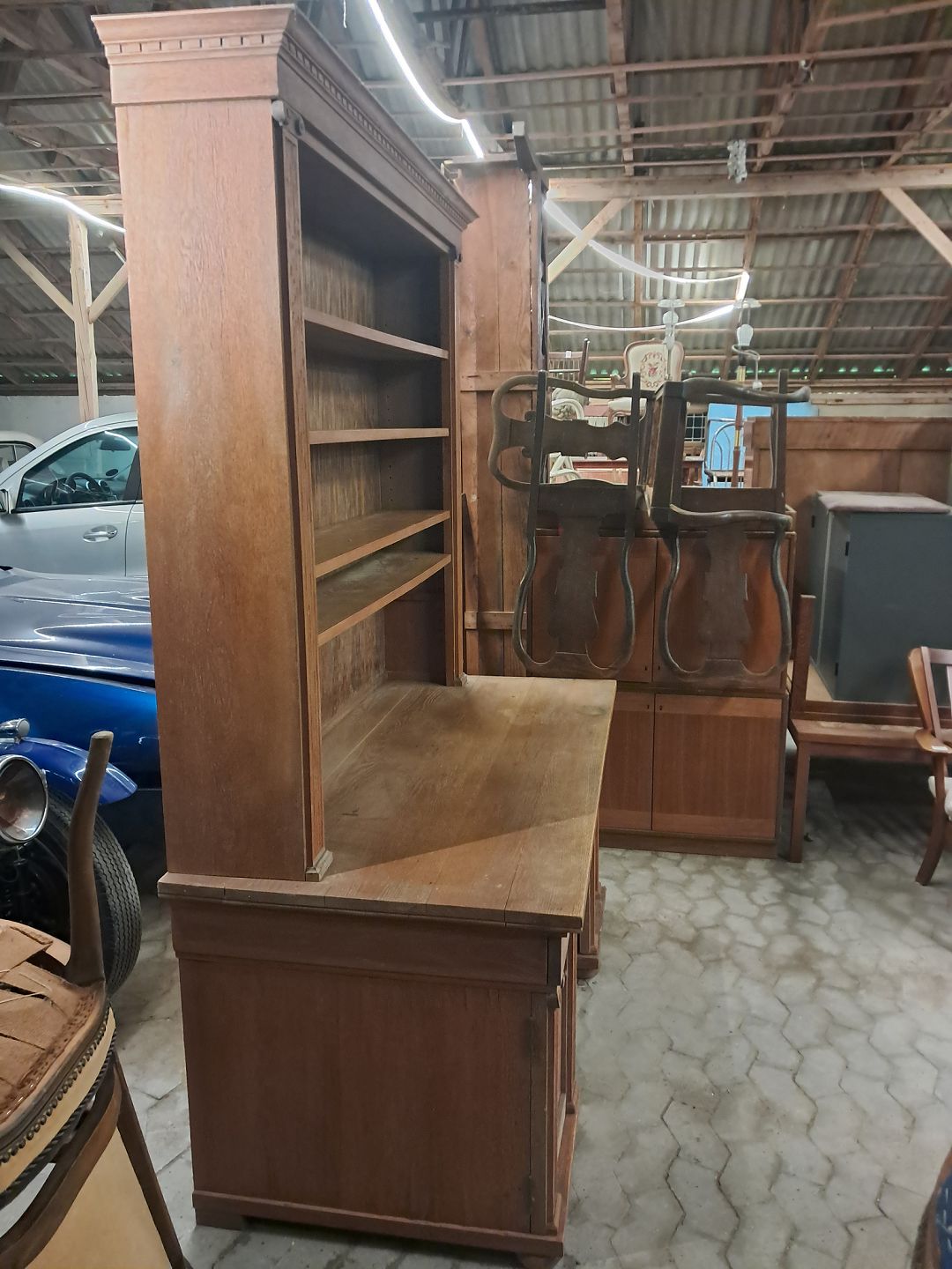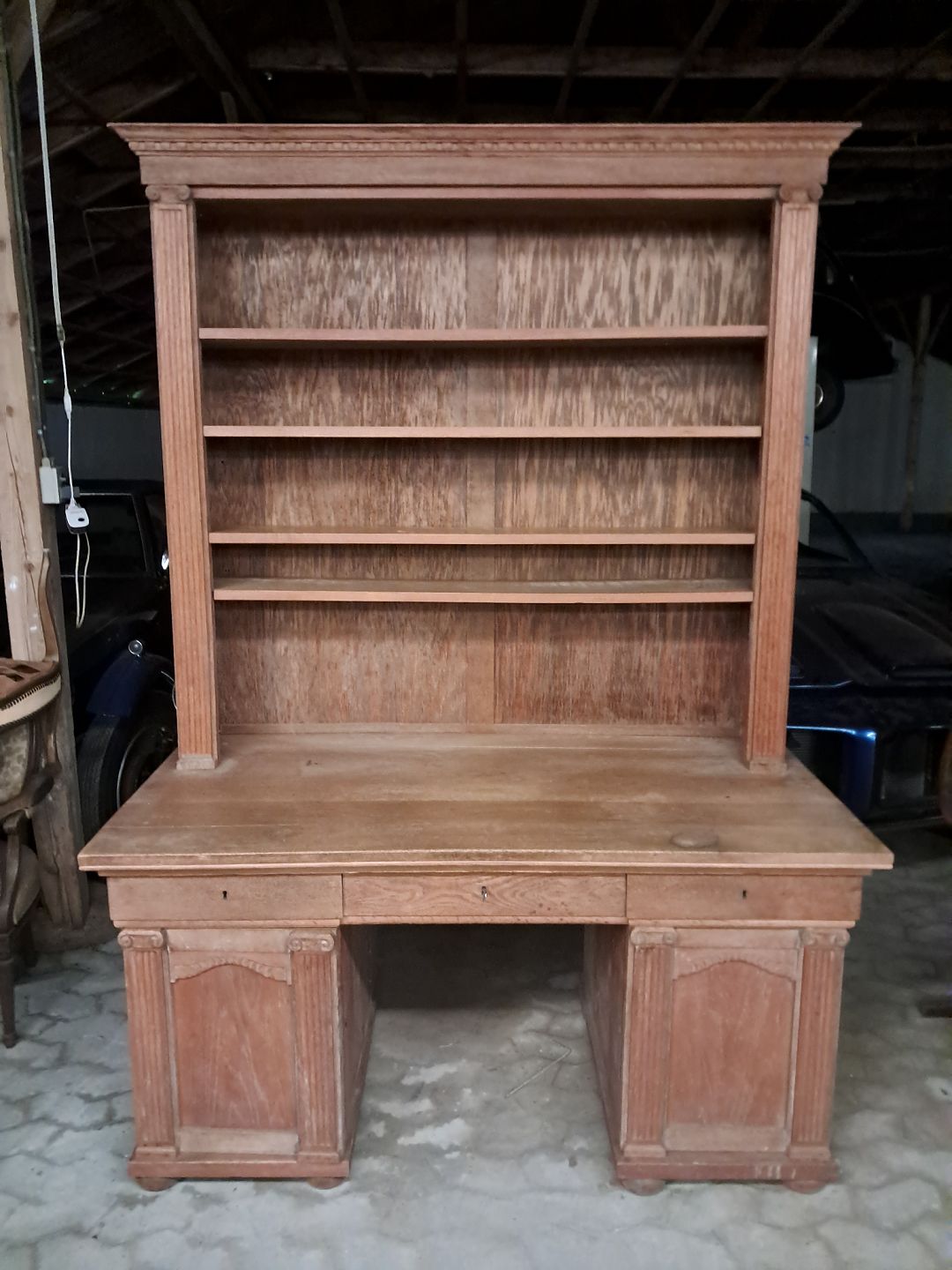 Text available in Danish: Skrivebord i fineret og massivt egetræ, fra 1920erne.
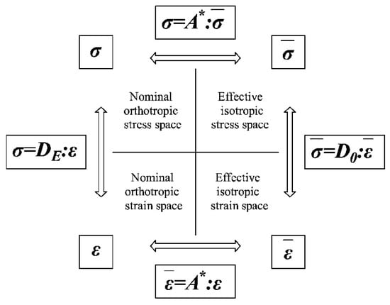 The hypothesis of energy equivalence (see [16,17]) consists of considering the coincidence between the energy stored in the terms of the nominal quantities and secant stiffness and the elastic energy stored in terms of the effective quantities and undamaged linear elastic stiffness. This means that neither the nominal stress, nor the nominal strain are equal to their effective counterparts; therefore, in addition to the relation (2) between the nominal and the effective stress, a relation between the effective and the nominal strain is needed. Following the procedure described in [17], this relation is governed by the fourth-order tensor A introduced in Equation (2) and is written as:
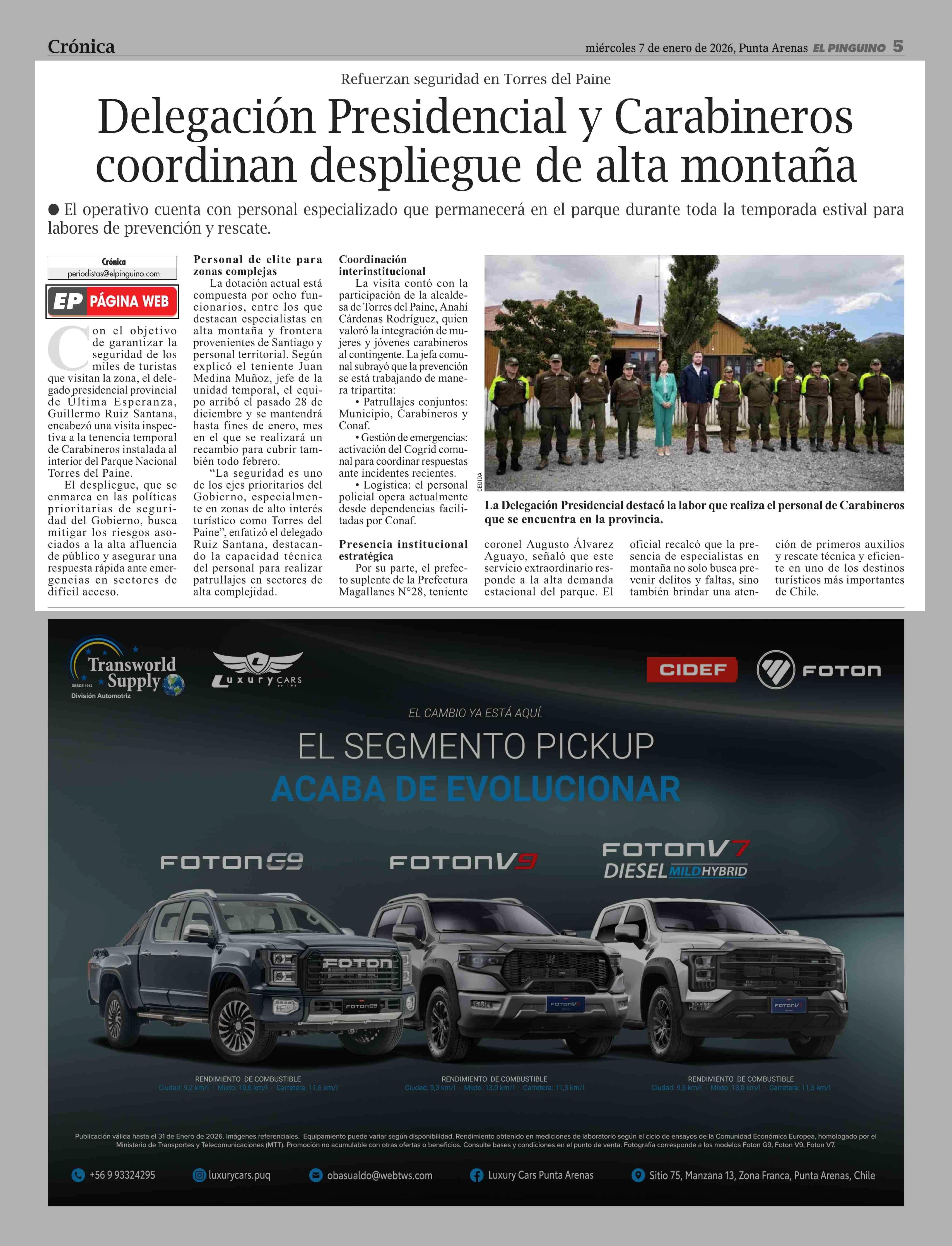 | Fecha: | 07-01-2026 | Sector: | Noticia general | Región: | Región de Magallanes y de la Antártica Chilena |
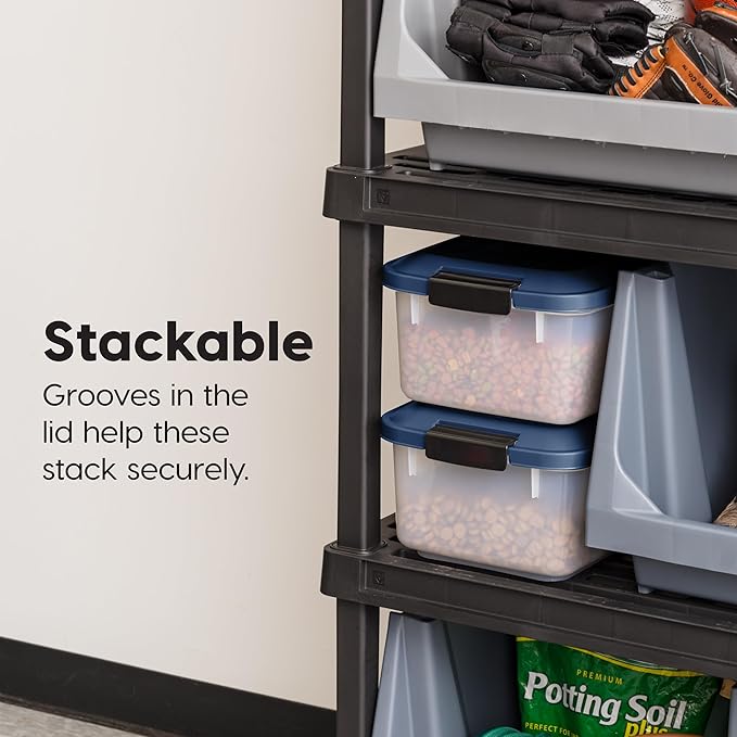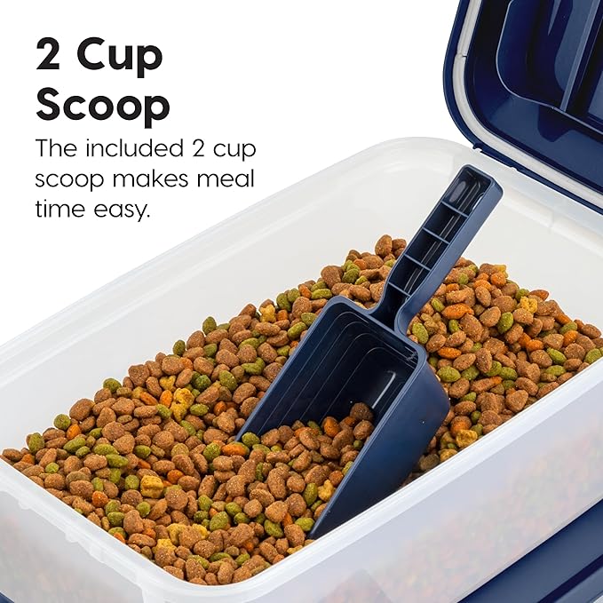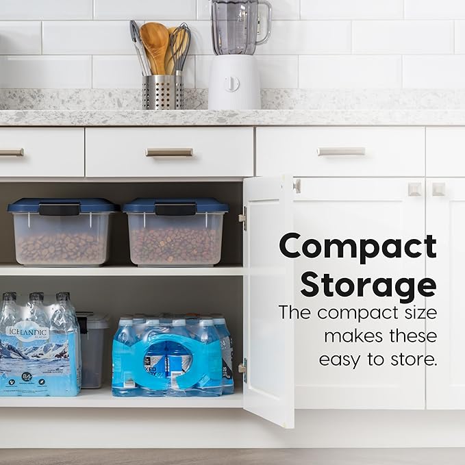 IRIS USA WeatherPro Airtight Pet Food Storage Container, Up to 14 lbs, Dog Cat Bird and Other Pet Food Storage Bin Keep Pests Out Translucent Body BPA Free Stackable, 2 Pack, Navy
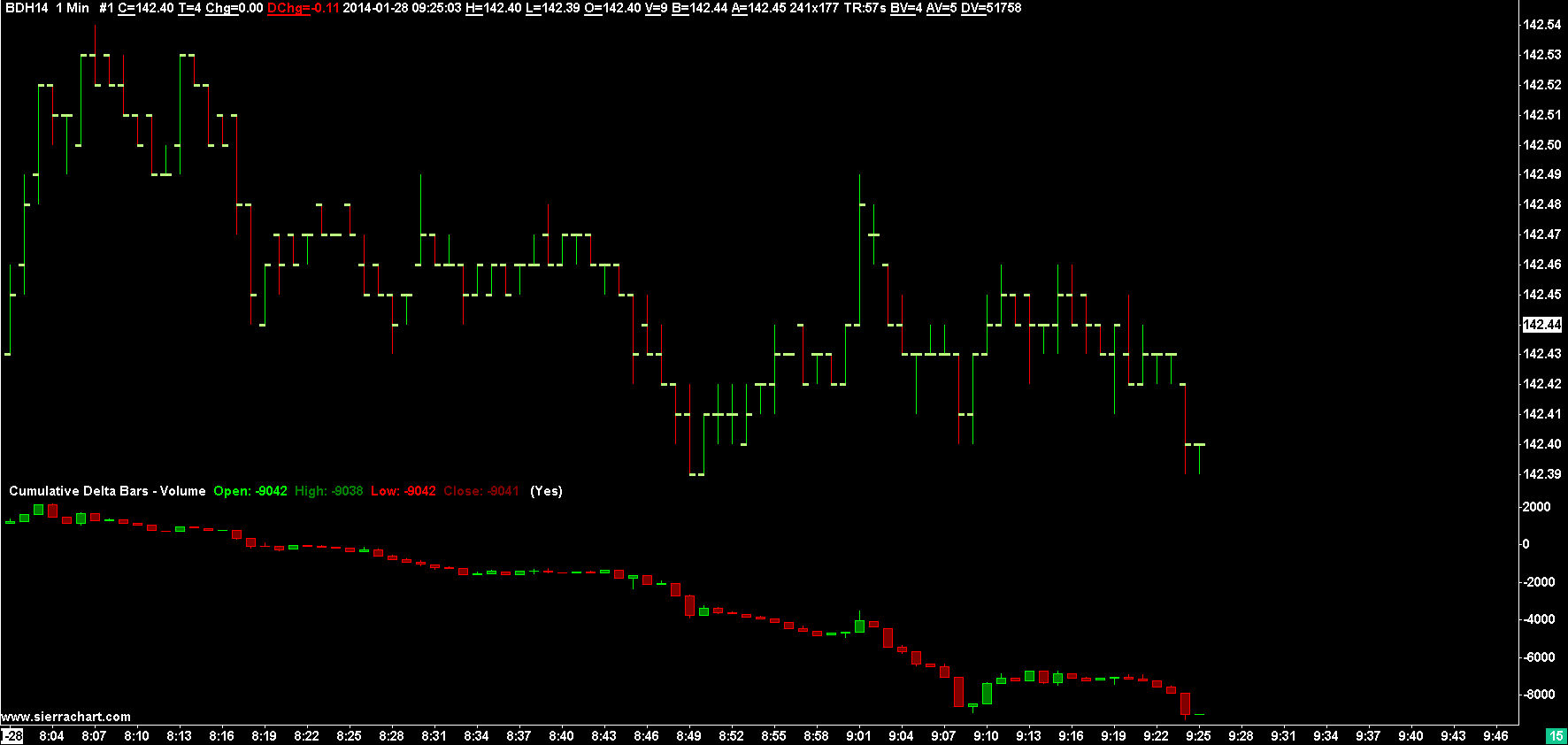 There have been some changes with a Sierra Chart EUREX data feed, but it is really very hard to make any conclusive determinations about this. We really have to get back to basics and make a clear determination as to what the objective here really is. And what the meaning of bid volume and ask volume is. Our understanding of a trade at the bid is when a market order hits the best bid price which is established by a limit order and there is a trade. A trade at the ask is when a market order hits the best ask price which is established by a limit order and there is a trade. Trying to determine this from a data feed, requires very good synchronization between the bid and ask data and the last trade price data. Unless the exchange, like the CME does, indicates this, determining this from the price feed is imperfect at best. This is a chart of IQ feed Cumulative Delta for today for the March DAX futures: http://www.sierrachart.com/image.php?l=1390817582313.png This is the Sierra Chart EUREX feed: http://www.sierrachart.com/image.php?l=1390817632919.png The DAX is up on the day from its opening price. Does it make sense that the Cumulative Delta from IQ feed is so negative? And although IQ Feed has developed a good reputation, the actual calculations of bid volume and ask volume do not come from the exchange, they do not come from IQ Feed, they come from Sierra Chart based upon last trade price data, and best bid and ask price data. There is an algorithm applied to this to make the determination. Whether Sierra Chart is doing this in the very best possible way with a difficult to work with feed like the EUREX, is not necessarily true as we spend more time looking at this. This is what makes this whole thing difficult . Based upon what we are seeing today, with these current charts, those who are putting faith on IQ Feed and the interpretation of the data by Sierra Chart, raises some questions for us. Maybe it is all just perfect. Although can we be sure? At this point, we really have to analyze the raw EUREX feed and get an understanding from the exchange exactly how that data feed works. So this will require more research time. Sierra Chart Support - Engineering Level Your definitive source for support. Other responses are from users. Try to keep your questions brief and to the point. Be aware of support policy: https://www.sierrachart.com/index.php?l=PostingInformation.php#GeneralInformation For the most reliable, advanced, and zero cost futures order routing, *change* to the Teton service: Sierra Chart Teton Futures Order Routing Date Time Of Last Edit: 2014-01-27 10:21:43
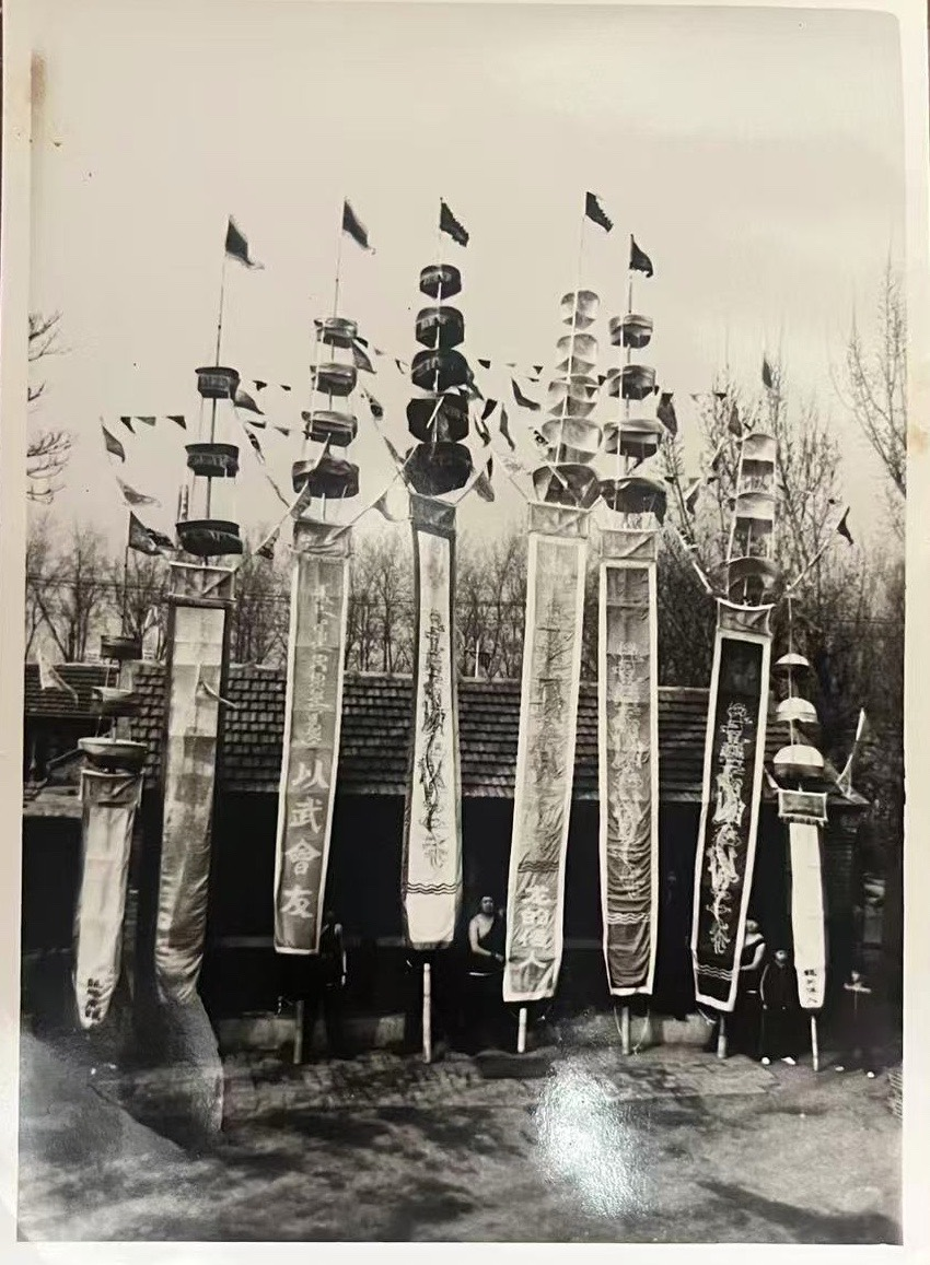 “常氏中幡”在龙潭湖庙会表演过牌楼。受访者供图
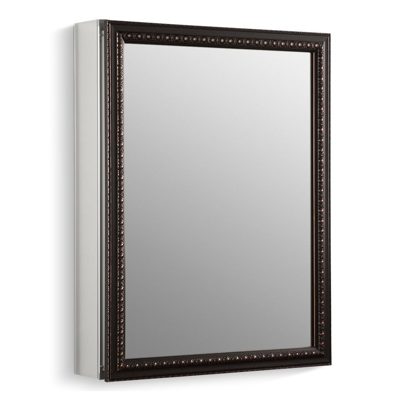 This cabinet boasts a framed mirrored door that can be installed with a left or right hinge and features a beautiful oil rubbed bronze finish. Inside, two adjustable 1/4″ glass shelves hold all your toiletries and bath items in front of a beautifully mirrored rear wall. Rust-free aluminum construction ensures years of use, and installation has never been easier with the included side kit, allowing for either recess or surface-mount installations. Features: Constructed from High Quality, Anodized Aluminum with a Durable Rust-Free, Chip-Free Finish Features Full-Overlay, Dual-Sided Mirror Door with Oil Rubbed Bronze Finished Frame Mirrored Interior Rear Wall with Two Adjustable 1/4 Inch Thick Glass Shelves Reversible Hinges with 108 Degree Opening Capability Allows Door to Open on Either Left or Right Side Included Side Kit Allows for Either Surface or Recess Mount Installation Optional Audio Kit can be Installed when Surface Mounted (Kit Sold Seperately) Specifications: Height: 26″ Width: 20″ Depth: 5-3/8″ Wall Opening Height: 26″ Wall Opening Width: 20″ Wall Opening Depth: 4″ With everything that Kohler does it lives on the leading edge of design and technology, while maintaining a constant level of quality regardless of price. Kohler sets the standard of excellence in its field, and yet is constantly striving to improve. From sustainable products in the kitchen and bath, to engines for lawn tractors and generators, to power systems that protect data centers and urban landscapes all over the world; this is what the Kohler Company is all about.
• • • • •
Problem to solve: Within the listing above, copy exactly the lines that start at the one with "The hypothesis of" and continue through the one with "IRIS USA WeatherPro". Omit pictures.

Answer to the problem:
 The hypothesis of energy equivalence (see [16,17]) consists of considering the coincidence between the energy stored in the terms of the nominal quantities and secant stiffness and the elastic energy stored in terms of the effective quantities and undamaged linear elastic stiffness. This means that neither the nominal stress, nor the nominal strain are equal to their effective counterparts; therefore, in addition to the relation (2) between the nominal and the effective stress, a relation between the effective and the nominal strain is needed. Following the procedure described in [17], this relation is governed by the fourth-order tensor A introduced in Equation (2) and is written as:
 | Fecha: | 07-01-2026 | Sector: | Noticia general | Región: | Región de Magallanes y de la Antártica Chilena |
 IRIS USA WeatherPro Airtight Pet Food Storage Container, Up to 14 lbs, Dog Cat Bird and Other Pet Food Storage Bin Keep Pests Out Translucent Body BPA Free Stackable, 2 Pack, Navy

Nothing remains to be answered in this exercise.